Bug 4100 - unbound-1.7.0 regression when ttl expires
unbound-1.7.0 regression when ttl expires
Product: unbound
Classification: Unclassified
Component: server
x86_64 Linux
: P5 critical
Assigned To: unbound team
Depends on:
  Show dependency treegraph
Reported: 2018-06-01 11:32 CEST by Tuomo Soini
Modified: 2018-06-04 16:47 CEST (History)
2 users (show)

See Also:

Log showing the servfails after ttl expire. (1.73 KB, text/plain)
2018-06-01 11:32 CEST, Tuomo Soini

Note You need to log in before you can comment on or make changes to this bug.
Description Tuomo Soini 2018-06-01 11:32:10 CEST
Created attachment 503 [details]
Log showing the servfails after ttl expire.

Config with samba AD.

domain-insecure: ad.foobar.fi
local-zone: "ad.foobar.fi" transparent
        name: "ad.foobar.fi"

dig derek-01.ad.foobar.fi

;; global options: +cmd
;; Got answer:
;; ->>HEADER<<- opcode: QUERY, status: NOERROR, id: 40496
;; flags: qr rd ra; QUERY: 1, ANSWER: 1, AUTHORITY: 0, ADDITIONAL: 1

derek-01.ad.foobar.fi. 427 IN	A

But when ttl reaches 0, next queries (for some time) give SERVFAIL.

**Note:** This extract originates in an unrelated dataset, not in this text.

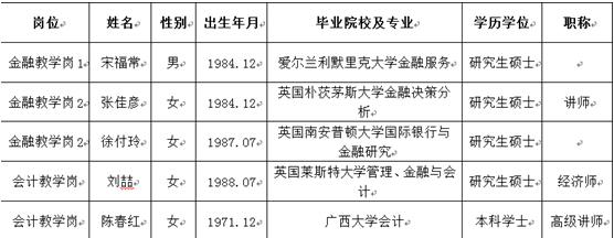 根據(jù)《關于印發(fā)< 廣西壯族自治區(qū)事業(yè)單位公開招聘人員實施辦法>的通知》(桂人社發(fā)[2011]155號)及《廣西金融職業(yè)技術學院2015年公開招聘工作人員方案》的有關規(guī)定。我院2015年第二次社會公開招聘工作嚴格遵照公開招聘程序,向社會發(fā)布招聘公告,經(jīng)考核、體檢等程序,確定宋福常等4名海外碩士研究生,陳春紅等1名副高級職稱人員為擬錄用人選。現(xiàn)擬對這5名同志進行公示,公示期為2015年12月8日至12月16日,具體情況如下:

This is regression in 1.7.0 and 1.7.1 - this works with 1.6.8.
Comment 1 Tuomo Soini 2018-06-01 11:38:27 CEST
In normal config I have:

prefetch: yes

I tried disabling prefetch and still got same problem.
Comment 2 Tuomo Soini 2018-06-01 11:47:03 CEST
Analyzing older logs - it looks like it's about 30 seconds after ttl expire that unbound responses with SERVFAIL.
Comment 3 Wouter Wijngaards 2018-06-01 11:55:15 CEST
Hi Tuomo,

So it cannot lookup the query at the destination.  What happens when it tries to lookup the data?  Can you give logs for that, eg. verbosity 4 logs for the lookup of a name.

That it takes 30 seconds seems to be related to timeouts on the upstream server side.  Eg. packets dropped, servers down.  There are fixes, pending, that fixup the serve-expired behaviour to not do SERVFAIL, and this might be related to that?  In that case, try with the latest code repository version.

Best regards, Wouter
Comment 4 Tuomo Soini 2018-06-01 12:14:28 CEST
There is no problem in querying upstream server.
Comment 5 Tuomo Soini 2018-06-01 12:22:03 CEST
Setting up with verbosity: 4. Will get back in half an hour or so when I have the log.
Comment 6 Tuomo Soini 2018-06-01 12:27:16 CEST
(In reply to Tuomo Soini from comment #4)
> There is no problem in querying upstream server.

I mean with this: there is no issue in querying with 1.6.8. And this same issue is visible against different upstream system with different upstream dns server software. I don't see any evidence that unbound will query upstream at all before 30 seconds has gone.
Comment 7 Wouter Wijngaards 2018-06-01 12:37:01 CEST
Hi Tuomo,

With servfail in cache the servfail itself has a TTL.  This is much shorter than 30 seconds.  But it is still there.  With serve-expired enabled, I believe there was a bug where it would overwrite cache with a SERVFAIL.  But only if there is also reason for an ordinary SERVFAIL (eg. server down).  This is why I was guessing trouble at the upstream.

But the logs may show more.  Unbound somehow makes different queries now and they aren't answered?  For example, because of agressive negative nsec or qname minimisation or something like that.  Or the upstream is sending answers that are handled differently because of fixes in this version?  (I mean, a fix for someone else that somehow negatively impacts this situation).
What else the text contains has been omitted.